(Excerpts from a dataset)

*** Begin section ***

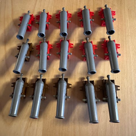 Her sælges 6 kanoner samlet for 135kr.
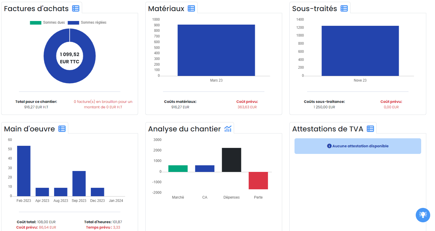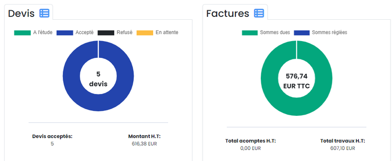 - Consultez en un clin d'œil, le montant des devis acceptés pour ce chantier, le chiffre d'affaires réalisé à ce jour, et l'état des règlements par exemple 👍
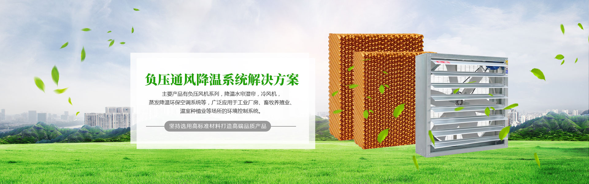 主要產(chǎn)品有負(fù)壓風(fēng)機(jī)系列,降溫水簾濕簾,冷風(fēng)機(jī),蒸發(fā)降溫環(huán)保空調(diào)系統(tǒng)等,廣泛應(yīng)用于工業(yè)廠房、畜牧養(yǎng)殖業(yè)、溫室種植業(yè)等場所的環(huán)境控制系統(tǒng)。同行業(yè)首先通過質(zhì)量技術(shù)監(jiān)督局的產(chǎn)品標(biāo)準(zhǔn)登記,首先通過ISO9001國際質(zhì)量管理體系認(rèn)證,且大量出口至歐、美、亞、非、拉丁美洲等58個國家與地區(qū)。堅(jiān)持以打造百年品牌為發(fā)展目標(biāo),堅(jiān)持選用高標(biāo)準(zhǔn)材料打造高端品質(zhì)產(chǎn)品,提供專業(yè)的解決方案及一站式配套設(shè)計安裝服務(wù)。
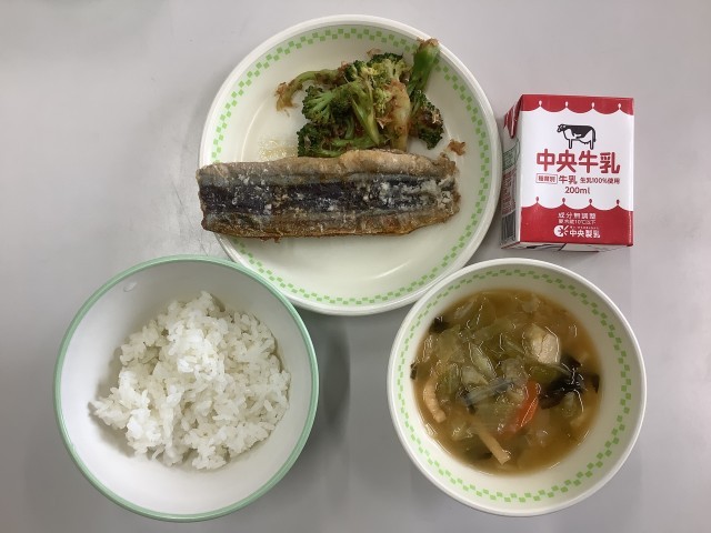 ご飯、牛乳、さんまの蒲焼き、ブロッコリーのおかかあえ、呉汁
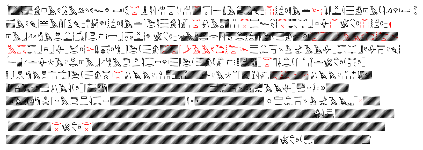 Rezept Nr. 5 (1,3 – 1,4) Ein anderes [Heilmittel] für das Töten des HfAt-Wurmes {1,4} im Bauch: Xr-Teil des bxb-Baumes, Dsrt-Bier 20 ro; kochen, es werde durchgeseiht, trinken durch den Mann.
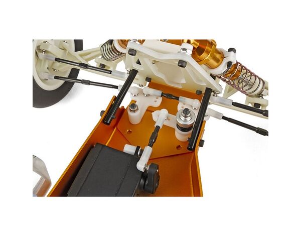 Team Associated-Präzisionsstoßdämpfer der neuesten Generation aus goldeloxierter Legierung für den Rennsport.
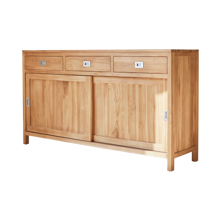 Partes traseras y fondos de los cajones de teca contrachapada.
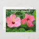 Cartão postal com um par de lindas flores de hibisco rosa em Freeport, Bahamas da minha viagem
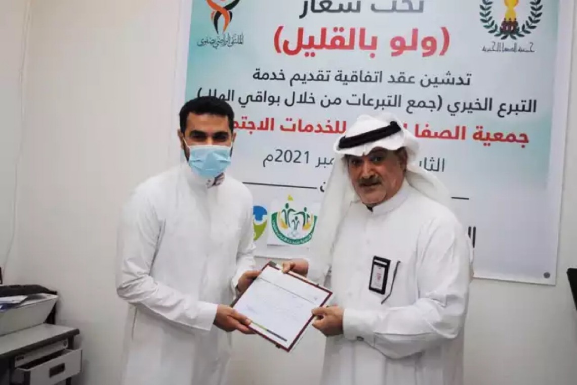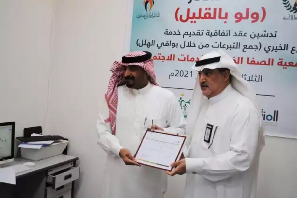 كانت جمعية الصفا الخيرية قد وقّعت خمسة عقود واتفاقيات مع مراكز تسوق للمشاركة في مبادرة ”ولو بالقليل“ وتوجيه المستهلكين للتبرع ببواقي الهللات أو الريالات من قيمة مشترياتهم لصالح الجمعية.
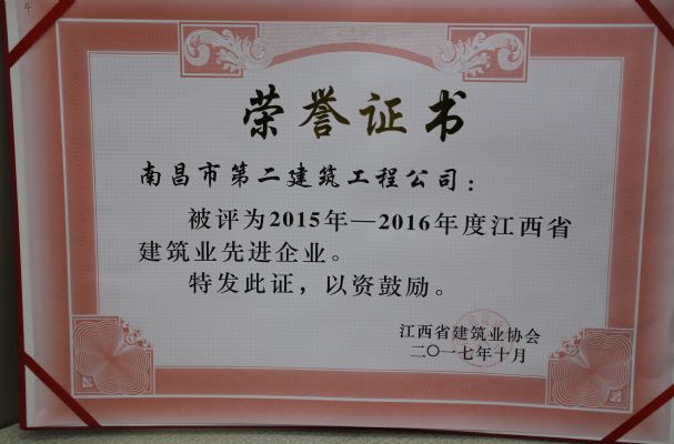 江西省建筑業(yè)協(xié)會對公司頒發(fā)了2015-2016年度江西省建筑業(yè)先進(jìn)企業(yè)榮譽(yù)稱號,對公司建造師何靜、胡建平、高波、章壽榮頒發(fā)了2015-2016年度江西省優(yōu)秀建造師榮譽(yù)稱號。
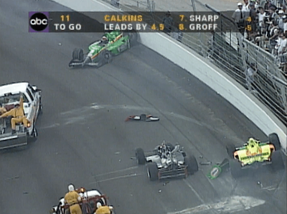 La última bandera amarilla de la carrera apareció en la vuelta 190, cuando Scott Sharp y Eddie Cheever colisionaron en la curva uno. La rápida intervención de los equipos de rescate sorprendió a Tony Stewart, quien se vio obligado a tomar una acción evasiva inmediata: rozó el muro y logró pasar entre los autos dañados y los vehículos de rescate que recién comenzaban a ingresar a la zona del accidente.
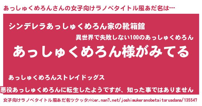 | 萌えアニメ | 主人公(あっしゅくめろん)のあだ名『 あっさん』 |
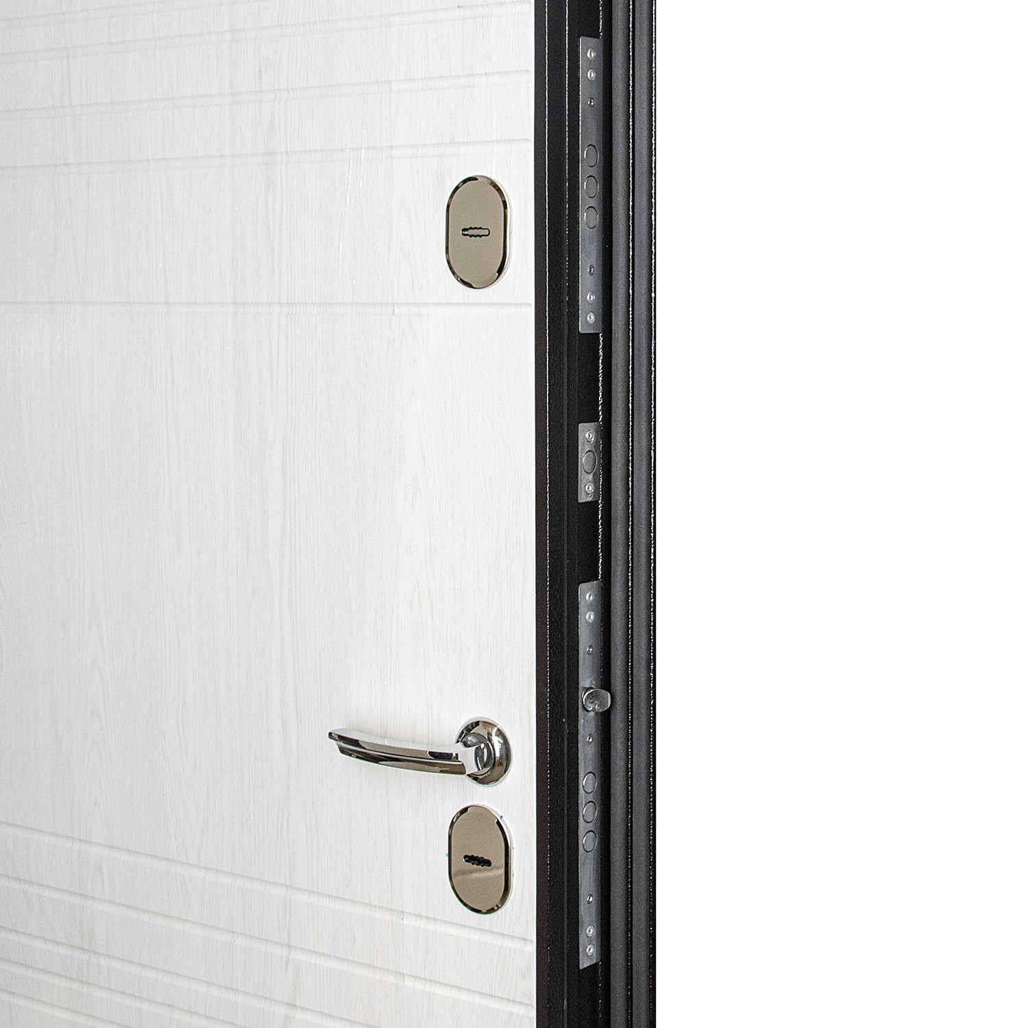 Дверное полотно, дверная коробка, замок основной, замок дополнительный, петли - 3 шт., ручки, наклад
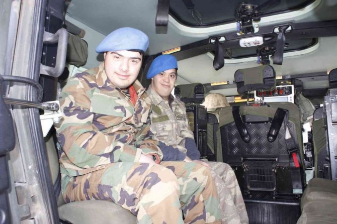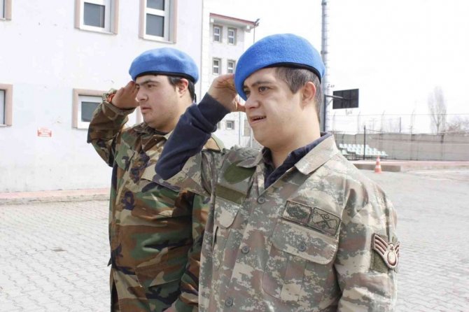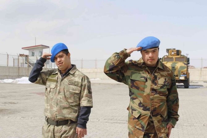 Van'ın Erciş ilçesinde yaşayan down sendromlu Deniz Korkmaz ve Enes Batmaz, asker kıyafeti giyerek 1 günlüğüne asker oldu.
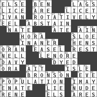 ACROSS 1. Otherwise 5. Benjamin's nick name 8. Straggles 12. Louse (plural) 13. "We ___ not amused" (Victoria) 14. It is permitted: Lat. 15. "Terrible" tsar 16. Rotating or pertaining to rotation 19. Snakelike fish 20. Refrain by choice 21. Nathan's nickname 23. Had dinner 24. The 18th letter of the Arabic alphabet 27. Israeli folk dance 30. _ gin 31. More empty; more void 34. Coop moms 35. NW Algerian seaport 38. Artist's stand 40. Remainder 41. 1994 drama film starring Jodie Foster 42. Poe poem 44. American folk hero Crockett 45. Colored 46. Mouth or opening 47. Small island 50. Small island 53. "Death Wish" actor 57. Night before a holiday 59. Census information 63. "If ____ say so..." 64. Maternal 65. Falsehood 66. Unadorned 67. French philosopher Descartes 68. Raised railways 69. Ancient Greek god of war DOWN 1. Writer Wiesel 2. Make or become more lively 3. Any of the three canals of the cochlea 4. Car or cant ending 5. Sharp remark 6. Greek god of love 7. Remaining after all deductions 8. 54 in ancient Rome 9. Adept person 10. Set 11. Filthy place 14. Actor's bit 17. Auto club (abbr.) 18. Teat (slang) 20. Period of immesurable duration 22. Without viscosity 24. Toward shelter 25. Charged atoms 26. Egg locale 28. Actress Charlotte 29. Of or related to the anus 30. Fragments 32. Compass dir. 33. Tear apart 35. Southwest Nigerian state 36. Hitchcock's "____ Window" 37. Inventor's middle name 39. Myrna of the movies 43. It's straight from the horse's mouth 47. Competent 48. Retirement account (abbr.) 49. Small child 51. Arboreal primate 52. Dodge 54. The longest river in the world 55. Earth 56. Washington bills 58. Snake ____ (dice throw) 59. For each 60. Single 61. Baking dish 62. Shoshoni 63. _ tizzy (2 wds.)
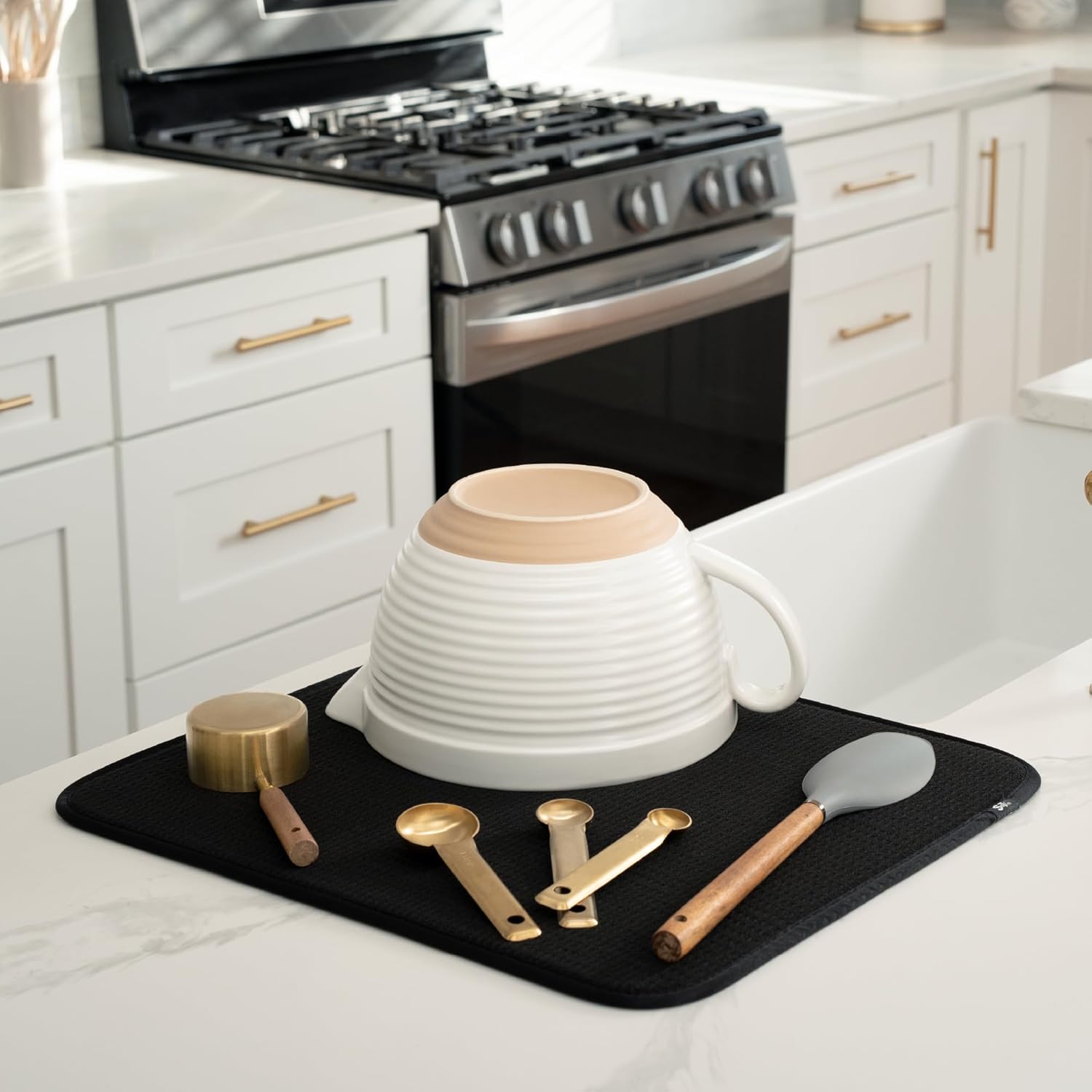 • Dish drying mats for kitchen counter are reusable, machine washable, and easy to store for kitchen organization; durable construction will not chip or break like a stone dish drying mat for kitchen

*** End section ***

> WHAT IS NEEDED
Print the lines from the beginning of the records up to and including the line containing "Rezept Nr. 5", word for word, with no pictures.

> WRITTEN RESPONSE
 Her sælges 6 kanoner samlet for 135kr.
 - Consultez en un clin d'œil, le montant des devis acceptés pour ce chantier, le chiffre d'affaires réalisé à ce jour, et l'état des règlements par exemple 👍
 主要產(chǎn)品有負(fù)壓風(fēng)機(jī)系列,降溫水簾濕簾,冷風(fēng)機(jī),蒸發(fā)降溫環(huán)保空調(diào)系統(tǒng)等,廣泛應(yīng)用于工業(yè)廠房、畜牧養(yǎng)殖業(yè)、溫室種植業(yè)等場所的環(huán)境控制系統(tǒng)。同行業(yè)首先通過質(zhì)量技術(shù)監(jiān)督局的產(chǎn)品標(biāo)準(zhǔn)登記,首先通過ISO9001國際質(zhì)量管理體系認(rèn)證,且大量出口至歐、美、亞、非、拉丁美洲等58個國家與地區(qū)。堅(jiān)持以打造百年品牌為發(fā)展目標(biāo),堅(jiān)持選用高標(biāo)準(zhǔn)材料打造高端品質(zhì)產(chǎn)品,提供專業(yè)的解決方案及一站式配套設(shè)計安裝服務(wù)。
 ご飯、牛乳、さんまの蒲焼き、ブロッコリーのおかかあえ、呉汁
 Rezept Nr. 5 (1,3 – 1,4) Ein anderes [Heilmittel] für das Töten des HfAt-Wurmes {1,4} im Bauch: Xr-Teil des bxb-Baumes, Dsrt-Bier 20 ro; kochen, es werde durchgeseiht, trinken durch den Mann.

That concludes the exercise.